= Christianity in Kuwait =

Christianity is the second-largest religion in Kuwait.

In 2020, there were an estimated 289 Christian Kuwaitis residing in Kuwait, along with an estimated 837,585 non-citizen Christians. In total, they make up 17.93% of the population.

A 2015 study estimates some 350 Christians in Kuwait who are former Muslims.

==Kuwaiti Christians==

Kuwait and Bahrain are the only Gulf Cooperation Council countries to have a local Christian population who hold citizenship.

Christian Kuwaitis can be divided into two groups. The first group includes the earliest, who were Iraqi Christian (Assyrian and Arab/Antiochian Greek) immigrants and their local-born descendants. They have assimilated into Kuwaiti society, like their Muslim counterparts, and tend to speak Arabic with a Kuwaiti dialect; their food and culture are also predominantly Kuwaiti. They make up less than a quarter of Kuwait's Christian population. The rest (roughly three-quarters) of Christian Kuwaitis make up the second group. They are more recent arrivals in the 1950s and 1960s, mostly Kuwaitis of Palestinian ancestry who fled the British Mandatory Palestine due to the 1948 Arab-Israeli war and decided to settle in Kuwait. There are also smaller numbers who originally hail from Syria and Lebanon. This second group is not as assimilated as the first group, as their food, culture, and Arabic dialect still retain a Levant feel. However, they are just as patriotic as the former group, and tend to be proud of their adopted homeland, with many serving in the army, police, civil, and foreign service.

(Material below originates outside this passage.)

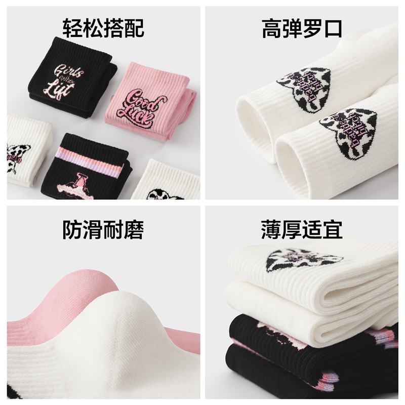 森马袜子女中筒棉袜透气个性 心动信号 学生字母女生潮袜无骨秋冬

Most of Kuwait's Christian citizens belong to 12 large families, with the Shammas (from Turkey) and the Shuhaibars (from Palestine) being some of the more prominent ones.

Although there is a small community of Christian citizens, a law passed in 1981 prevents the naturalization of non-Muslims; however, male citizens who were Christians before 1980 (and male children born to families of such citizens since that date), can transmit their citizenship to their children.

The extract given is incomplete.